Le coronavirus 2 du syndrome respiratoire aigu sévère (SRAS-CoV-2) – l’agent pathogène causal de la maladie à coronavirus 2019 (COVID-19) – a infecté plus de 61,1 millions de personnes dans le monde et causé plus de 1,43 million de décès.
Alors que les scientifiques continuent de rechercher des interventions pharmaceutiques efficaces contre le SRAS-CoV-2, une nouvelle étude rapporte un anticorps monoclonal très prometteur, HB27, qui semble avoir deux mécanismes d’action distincts inhibant l’interaction virus-cellule hôte et l’infection ultérieure. Cela pourrait donc être un « candidat prometteur pour les immuno-thérapies contre le COVID-19 », explique l’équipe de recherche.

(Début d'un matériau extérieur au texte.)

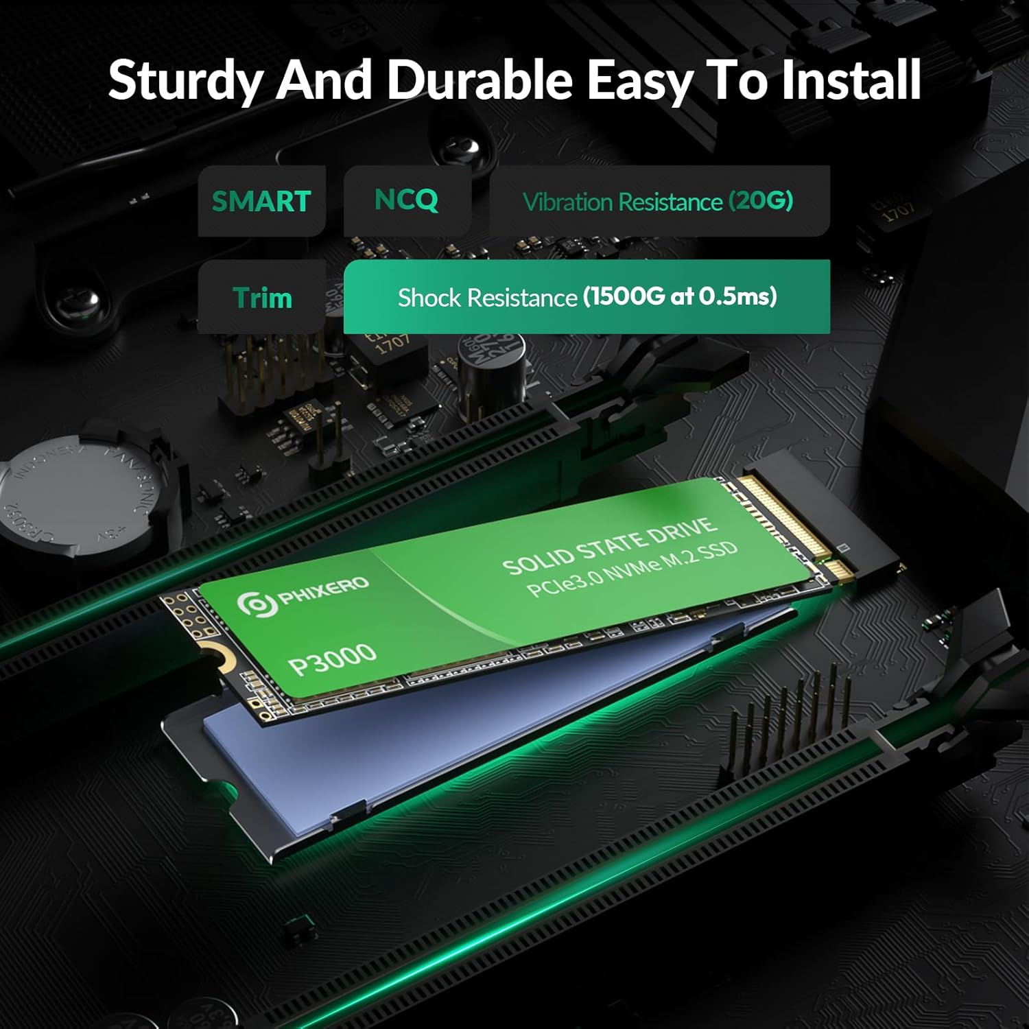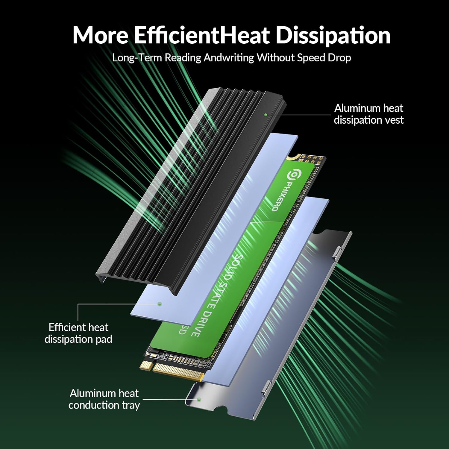 Efficient Thermal Insulation Design: PHIXERO M.2 SSD includes a 2280 NVMe SSD, an aluminum cooling base and vest, and a silicone thermal pad*2 that provides efficient heat dissipation, ensuring long-lasting and sustainable operation. high performance of the 2TB SSD, while extending its useful life and the security of your data
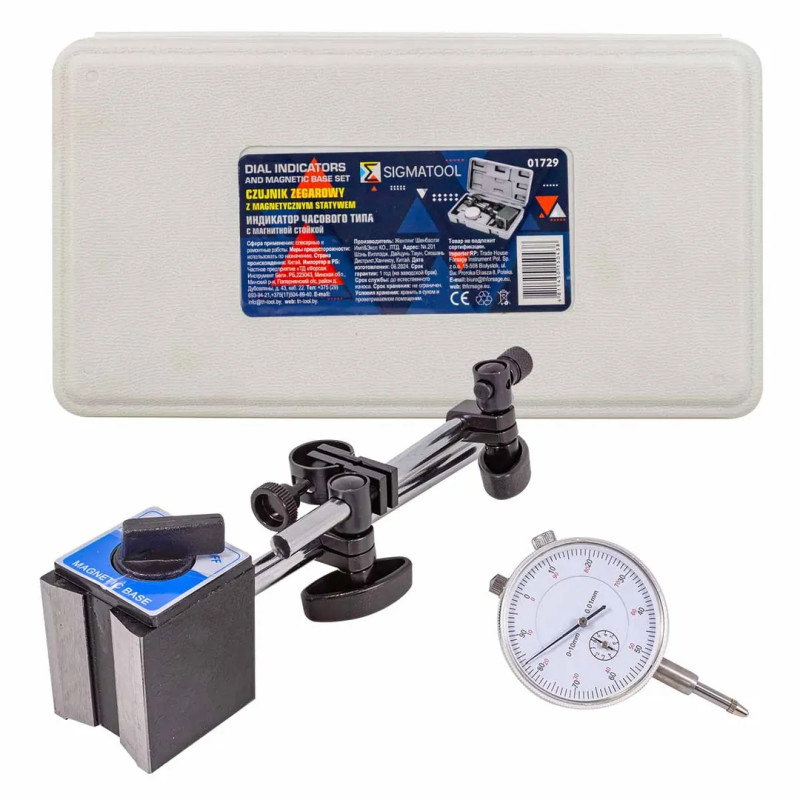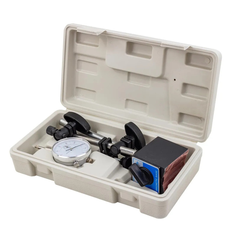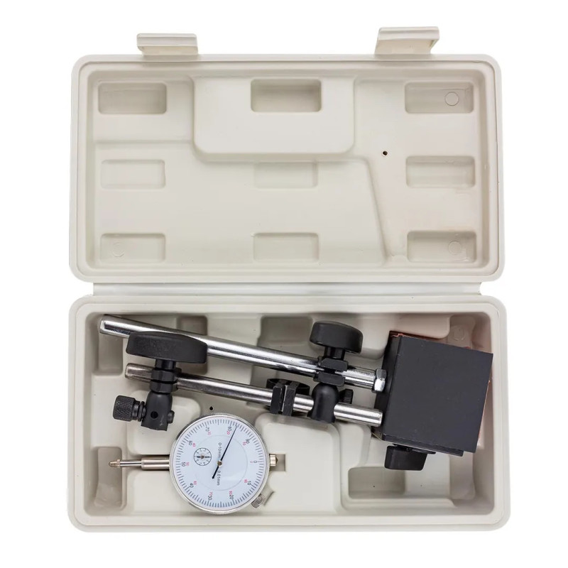 Индикатор часового типа – устройство для измерений и контроля отклонений от эталонной детали. Индикаторы без стойки не используют, так как опора придает дополнительную жесткость. Вам не надо покупать отдельно стойку, так как она идет в комплекте с индикатором. Стойку с магнитным основанием можно закреплять на горизонтальных, вертикальных или наклонных поверхностях для позиционирования измерительного устройства. Принцип действия действия часовых индикаторов основан на преобразовании линейного перемещения наконечника в соответственное перемещение стрелок циферблата. Индикатор широко применяется там, где необходим контроль горизонтальности и/или вертикальности положения плоскостей деталей, отклонения от плоскостности, параллельности, биения и т.д., служит для проверки качества в рамках стандартов и допусков на различных предприятиях – от автомобилестроения до частных мастерских.

Le virus pénètre dans les cellules hôtes via sa protéine de pointe, une protéine à deux sous-unités qui engage le récepteur de l’enzyme de conversion de l’angiotensine 2 (ACE2) sur la membrane de la cellule hôte. Cela expose la protéine aux protéases de la cellule hôte, ce qui déclenche alors un changement massif de conformation entre les étapes de pré-fusion et de post-fusion. Cela conduit à la fusion des membranes des cellules virale et hôte pour permettre au virus d’entrer dans le cytosol de la cellule hôte.
La protéine S existe en tant que trimère dans la nature, mais a un état accessible et inaccessible aux récepteurs, dans lequel les RBD sont ouverts (un ou plusieurs) ou fermés (tous). Ces états sont possibles en raison du mouvement en forme de charnière au niveau de la RBD médié par des interactions complexes protéine-protéine avec les cellules hôtes.
Bien que des anticorps neutralisants (NAb) aient été identifiés, certains, comme le CR3022, ne parviennent pas à prévenir l’infection par le virus. Ceci est probablement dû à la conformation flexible des épitopes neutralisants, qui permettent à l’infection de se poursuivre malgré la présence de NAb. D’autre part, d’autres anticorps sont découverts qui semblent neutraliser le virus sans bloquer le récepteur ACE2.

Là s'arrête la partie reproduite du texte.